Exercise>
Everything in the listing below needs restating exactly, apart from the pictures.

Data extract>

=== Begin Enclosure ===

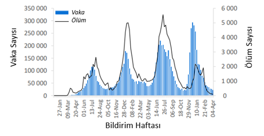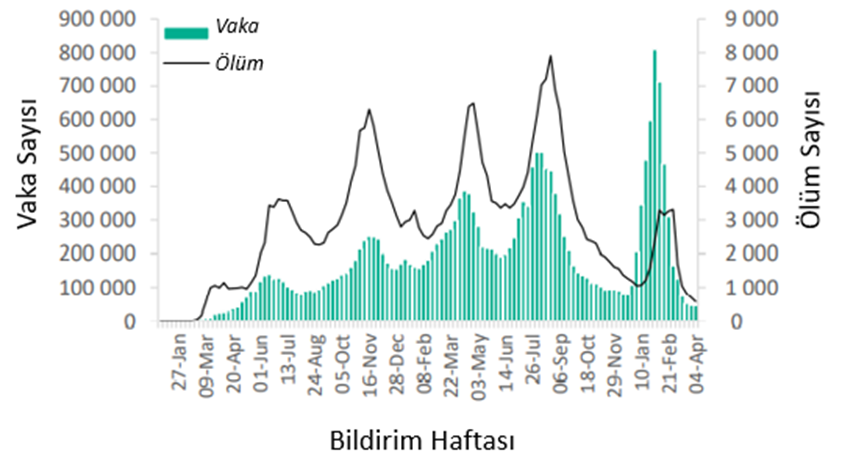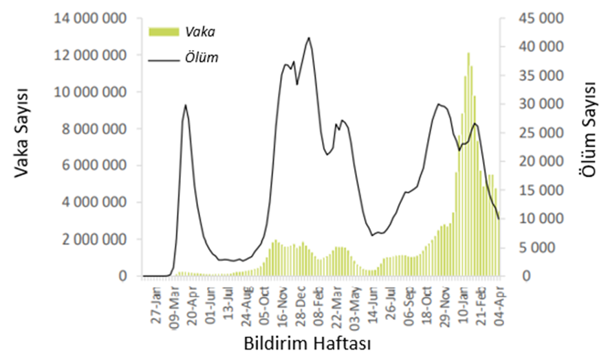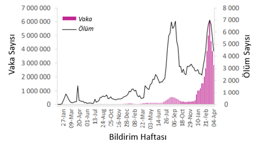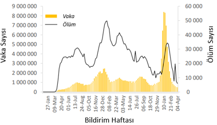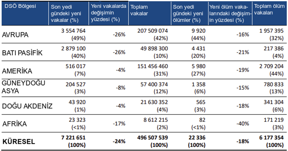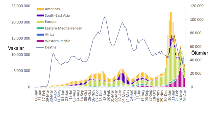 Küresel olarak, 4-10 Nisan 2022 tarihleri arasında haftalık yeni COVID-19 vakaları ve ölüm vakalarının sayısı art arda üçüncü hafta da düşmeye devam etmiş ve 7 milyondan fazla vaka ve 22.000'den fazla ölüm vakası bildirilmiş olup bir önceki haftaya göre sırasıyla %24'lük ve %18’lik bir düşüş gerçekleşmiştir.
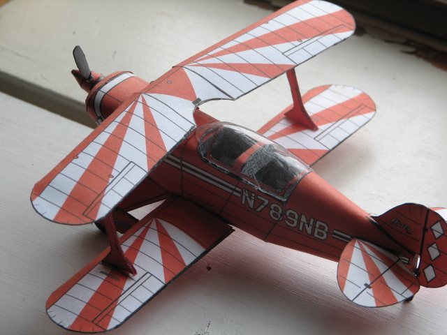 This is a model of the Pitts special. The entire kit is contained in a PDF document, so I had to make the canopy using a piece of clear plastic and a heat gun. You can also see cockpit elements like seats and instrument panels.
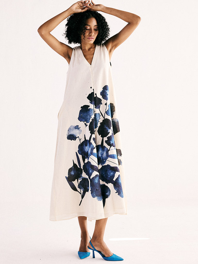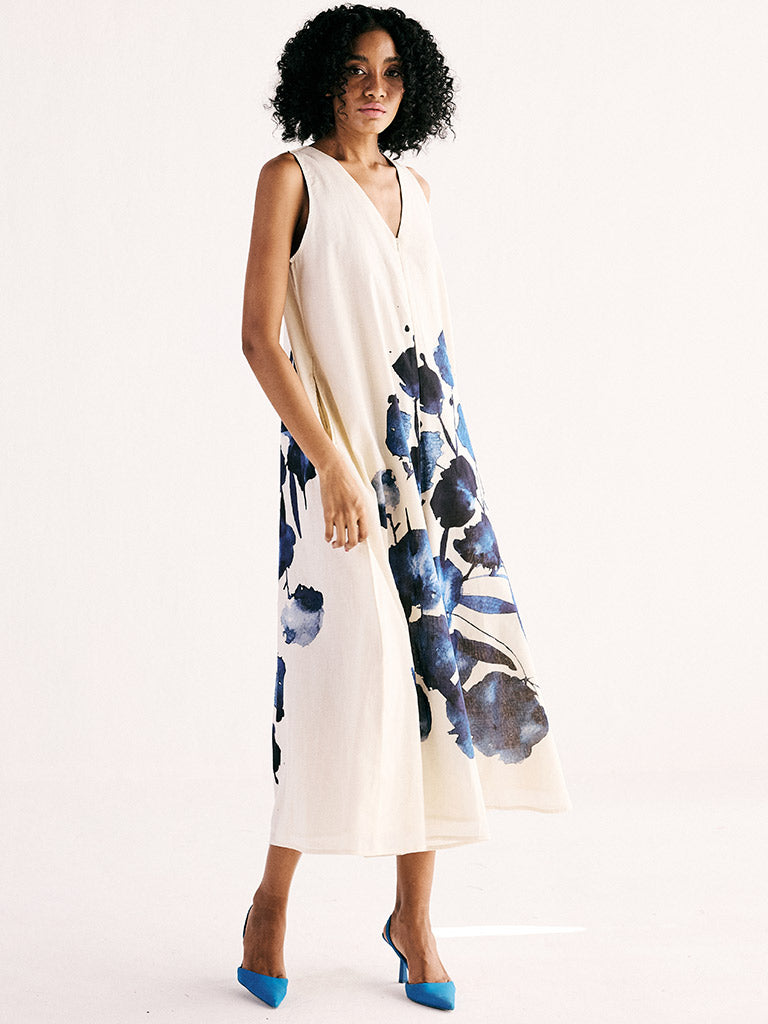 An ink blue floral printed jumpsuit with a front zipper opening and v neckline in classic A line silhouette. Crafted in soft breathable cotton mul. It is fully lined and comes with side seam pockets.

=== End Enclosure ===

Your solution>
 Küresel olarak, 4-10 Nisan 2022 tarihleri arasında haftalık yeni COVID-19 vakaları ve ölüm vakalarının sayısı art arda üçüncü hafta da düşmeye devam etmiş ve 7 milyondan fazla vaka ve 22.000'den fazla ölüm vakası bildirilmiş olup bir önceki haftaya göre sırasıyla %24'lük ve %18’lik bir düşüş gerçekleşmiştir.
 This is a model of the Pitts special. The entire kit is contained in a PDF document, so I had to make the canopy using a piece of clear plastic and a heat gun. You can also see cockpit elements like seats and instrument panels.
 An ink blue floral printed jumpsuit with a front zipper opening and v neckline in classic A line silhouette. Crafted in soft breathable cotton mul. It is fully lined and comes with side seam pockets.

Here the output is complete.